Despite the enormous progress in training neural networks to solve hard tasks, they remain surprisingly and stubbornly sensitive to imperceptibly small worst-case perturbations known as

adversarial examples. This lack of robustness has sparked many theories (gilmer2018adversarial; mahloujifar2019curse; tanay2016boundary; ford2019adversarial; fawzi2018adversarial; bubeck2018adversarial; goodfellow2014explaining; schmidt2018adversarially) but together they fail to explain many perplexing observations. Compelling recent work (ilyas2019adversarial) has illuminated the situation greatly by proposing the ‘Features-Not-Bugs’ (FNB) hypothesis, which states that adversarial sensitivity is a simple consequence of state-of-the-art models learning well-generalizing features in the dataset. From the FNB perspective, since models are trained only for maximizing accuracy, they have the freedom to choose useful but non-robust features that humans find non-intuitive.

What is the nature of these features? Recent work(yin2019fourier)

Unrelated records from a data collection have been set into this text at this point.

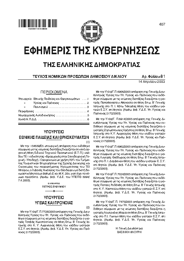 Αναζήτηση στα ΦΕΚ για:  καστοριάς
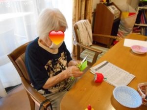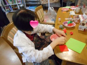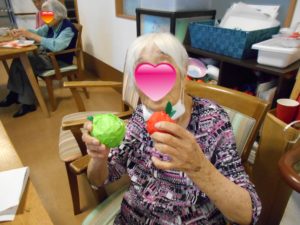 ラ・ソーラもりぐちデイサービスでは先週、りんご?の小物入れを作りました?
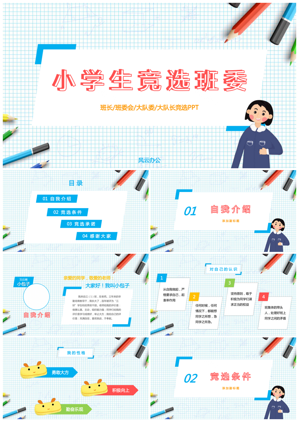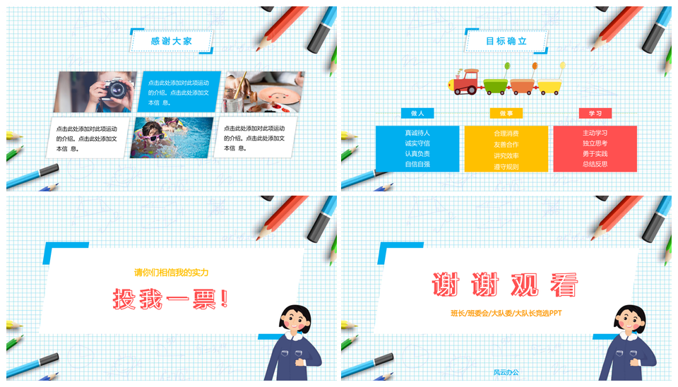 风云办公提供的班长/班委会/大队委/大队长竞选PPT模板,下载格式为pptx,一共21页,作品中文字及图均可以修改和编辑,图片更改请在作品中右键图片并更换,文字修改请直接点击文字进行修改。
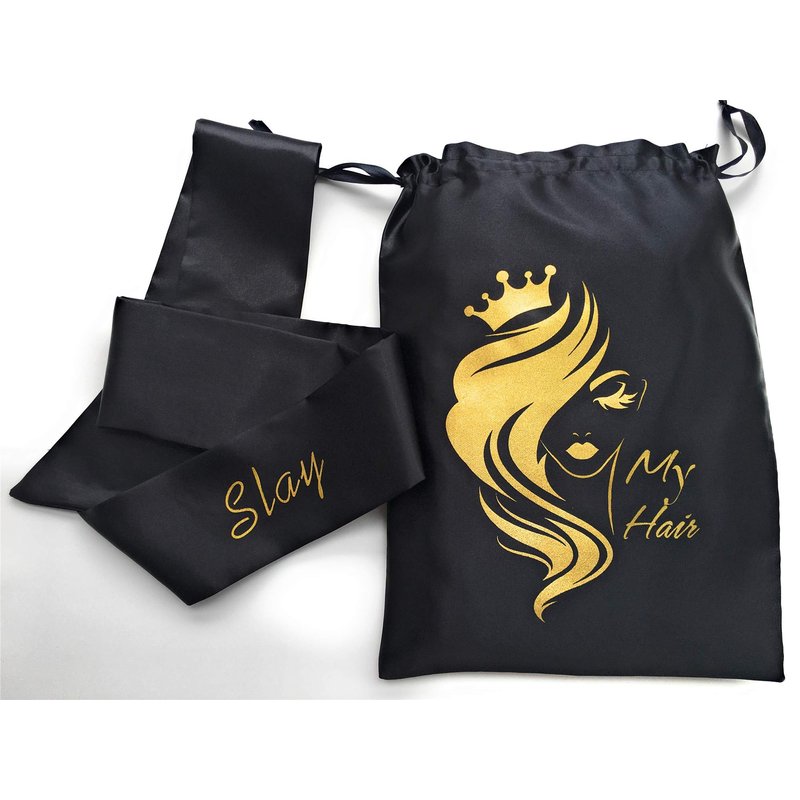 Head Wrap for Black Women, Edge Control Scarf, Silk Hair Wrap for Sleeping, Silk Satin Scarf& Satin Wigs Bundles Hair Tools Storage and Travel Bags, 2Bags & 1 Edge Wrap(2 Bags & 1 Edge Scarf)

proposes the High Frequency (HF) hypothesis, which states that state-of-the-art classifiers are using low amplitude, high frequency features in natural images. Given the strong theoretical connection between adversarial features and perturbations in linear models

(goh2019a), it stands to reason that we should expect a similarly strong relationship in nonlinear models. In this vein, (yin2019fourier) also finds that adversarial perturbations of naturally trained models tend to be higher frequency. In contrast, those of adversarialy trained models tend to be lower frequency, explaining several otherwise perplexing tradeoffs seen in corruption-based data augmentation studies (yin2019fourier; rusak2020increasing). Though not all adversarial features are high frequency (yin2019fourier), understanding the origin of high frequency features is an important step towards building robust, interpretable models.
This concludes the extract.